С первых слов молодой джентльмен уведомил меня, что его открытие касательно негодного полковника с алмазом начались посещением (до приезда к нам) адвоката его отца в Гампстиде. Однажды, оставшись наедине с ним после обеда, мистер Франклин случайно проговорился, что отец поручил ему передать подарок мисс Рэйчел, в день ее рождения. Слово за слово, кончилось тем, что адвокат сказал, в чем именно заключался этот подарок и как возникли дружеские отношения между полковником и мистером Блеком-старшим. Попробую, не лучше ли будет изложить открытие мистера Франклина, придерживаясь, как можно ближе, собственных его слов.

— Помните ли вы, Бетередж, то время, — сказал он, — когда отец мой пытался доказать свои права на это несчастное герцогство? Ну, так в это самое время и дядя Гернкасль вернулся из Индии.

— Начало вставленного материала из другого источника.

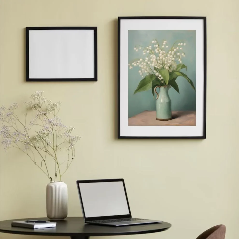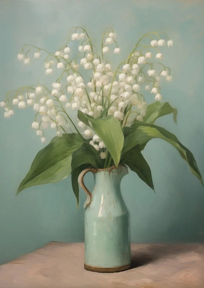Нежный интерьерный постер с изображением букета ландышей, стоящих на столе в голубом кувшине.
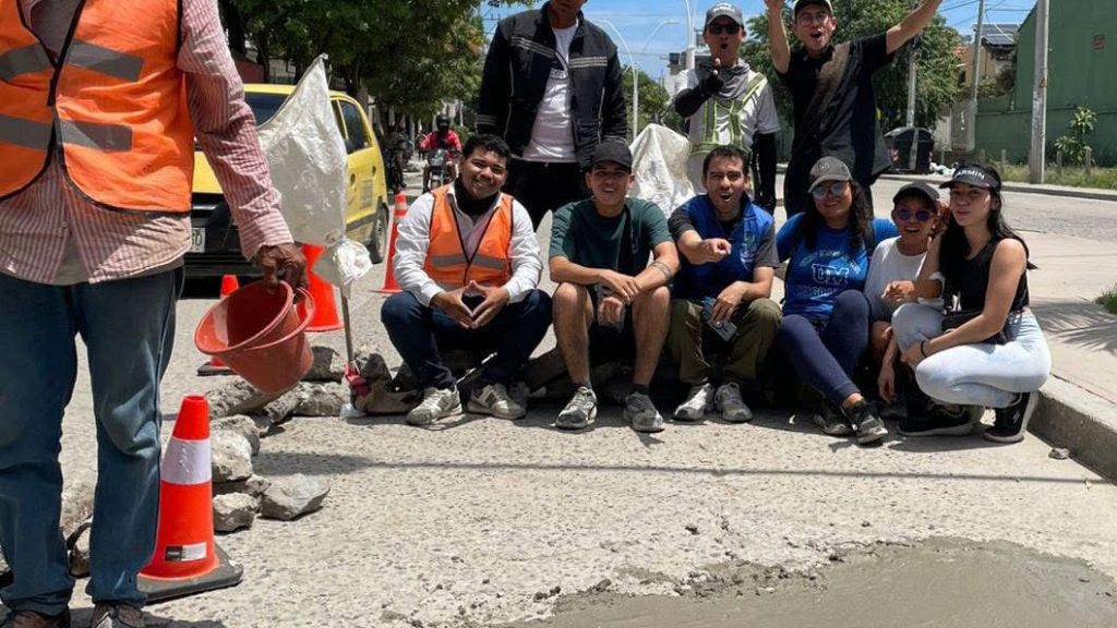 La unión hace la fuerza: estudiantes y ciudadanos se unieron para tapar un enorme hueco en la vía que conduce a la Unimag

Отец узнал, что шурин его владеет некоторыми документами, которые, по всему вероятию, весьма пригодились бы ему в его процессе. Он посетил полковника под предлогом поздравления с возвратом в Англию. Но полковника нельзя было провести таким образом. «Вам что-то нужно, — сказал он, — иначе вы не стали бы рисковать своею репутацией, делая мне визит». Отец понял, что остается вести дело начистоту, и сразу признался, что ему надобны документы. Полковник попросил денька два на размышление об ответе. Ответ его пришел в форме самого необычайного письма, которое приятель-законовед показал мне. Полковник начинал с того, что имеет некоторую надобность до моего отца, и почтительнейше предлагал обмен дружеских услуг между собой. Случайность войны (таково было его собственное выражение) ввела его во владение одном из величайших алмазов в свете, и он небезосновательно полагает, что ни сам он, ни его драгоценный камень, в случае хранения его при себе, небезопасны в какой бы то ни было части света. В таких тревожных обстоятельствах он решался сдать алмаз под сохранение постороннему лицу. Лицо это ничем не рискует. Оно может поместить драгоценный камень в любое учреждение, с надлежащею стражей и отдельным помещением, — как, например, кладовая банка, или ювелира, для безопасного хранения движимостей высокой цены. Личная ответственность его в этом деле будет совершенно пассивного свойства. Он обязуется, собственноручно или через поверенного, получать по условленному адресу ежегодно, в известный, условленный день, от полковника письмо, заключающее в себе простое известие о том, что он, полковник, по сие число еще находится в живых. Если же число это пройдет без получения письма, то молчание полковника будет вернейшим знаком его смерти от руки убийц. В таком только случае и не иначе, некоторые предписания, касающиеся дальнейшего распоряжения алмазом. напечатанные и хранящиеся вместе с ним, должны быть вскрыты и беспрекословно исполнены. Если отец мой пожелает принять на себя это странное поручение, то документы полковника в свою очередь будут к его услугам. Вот что было в этом письме.

— Что же сделал ваш батюшка, сэр, — спросил я.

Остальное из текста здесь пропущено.